I have been remiss in the discipline of getting to this balm that has been an aid to my healing and health.
This morning I was working through the first chapter of James.
( and I do mean working )
I started by trying to count the various trials in my life as joy .... that is not an easy one. (verse 2)
I loved focusing on the all the good and perfect gifts in my life as coming down from the Father of Lights, who does not change like the sifting shadows. (verse 17)
But then I came to "Listening and Doing".
Ouch.
Tender subject.
James says this, "My dear brothers, take note of this: Everyone should be quick to listen, slow to speak and slow to become angry for anger does not bring about the righteous life that God desires. Therefore get rid of all moral filth and the evil that is so prevalent and humbly accept the word planted in you, which can save you.
James goes on to say,
Do not merely listen to the word
.....................................................................
and so deceive yourselves
.....................................................................
Do what it says.
OK James. Now you are meddling. I could not read any further. I had to stop and memorize these words. I wanted to get verses 19 through 22 into my mind and then write them on my heart.
I started asking myself just how long and how much I had been deceiving myself by just listening to God's Word. How comfortable I made myself just letting His words roll off me like a gentle rain falling against my face on summer day. Taking the refreshment but not the nourishment, think to myself, Here I am again God, listening to your words .... My! Aren't these words comforting! My! Aren't these words powerful! My! Aren't these words challengeing!

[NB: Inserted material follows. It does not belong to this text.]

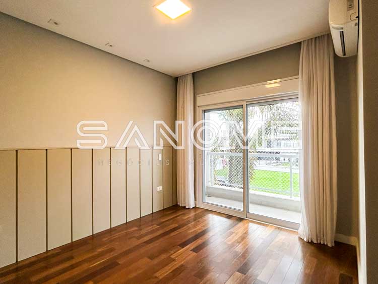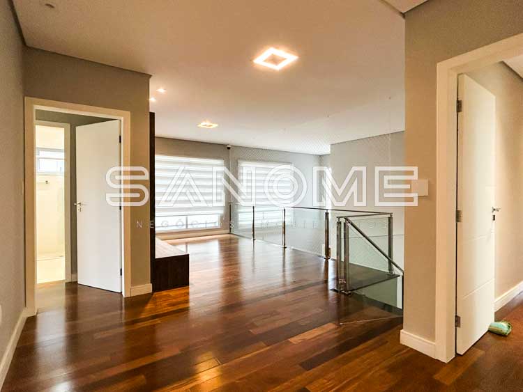 Piso superior: Sala de TV entre os quartos + 4 suítes (master com amplo closet, varanda externa e sala de banho).

Listening! Just listening to them and never doing them leads us to deceive ourselves. Maybe we start thinking we are "super spiritual" after all I am "in the word!" Maybe we start thinking the opposite, "These words are just that, "words!" They haven't brought any change, any real change into my life. I am still the same frightened, passive aggressive, depressed, messed up person that I was before I heard these words. Nothing has changed.

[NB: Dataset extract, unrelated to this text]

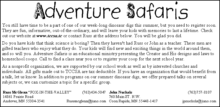 John Nuckols, Adventure Safaris          jpnuckols{at}usfamily.net

With either of these responses, we are still deceived. The change only happens when we "do" the word.
I am starting over with James 1.19-22.
I am going to ( with God's help) do. I want to be a doer. I want to drink the rain and let it bring nourishment to the word that He has planted in this heart.
At least I don't have to worry about the outcome. All of that is in His hands.

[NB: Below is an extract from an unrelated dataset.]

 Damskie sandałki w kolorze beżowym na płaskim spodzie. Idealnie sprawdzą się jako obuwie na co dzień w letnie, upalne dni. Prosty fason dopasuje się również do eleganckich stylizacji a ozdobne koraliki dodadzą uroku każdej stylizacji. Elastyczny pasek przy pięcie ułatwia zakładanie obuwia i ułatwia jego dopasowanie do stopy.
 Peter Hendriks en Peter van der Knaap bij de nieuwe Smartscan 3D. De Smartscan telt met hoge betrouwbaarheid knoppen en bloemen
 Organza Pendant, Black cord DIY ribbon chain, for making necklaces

Thank you God for your steadfast and unending love for me and everyone else in this world of yours.
May your face shine upon my family today. May we know your love. May we be free from the tyranny of the urgent and free to dream with the imagination that you have given your children. May we be and do what is pleasing in your sight.
Holy, Holy, Holy Lord! God of power and might! Heaven and earth are truly filled with your presence. Hosanna!!!!!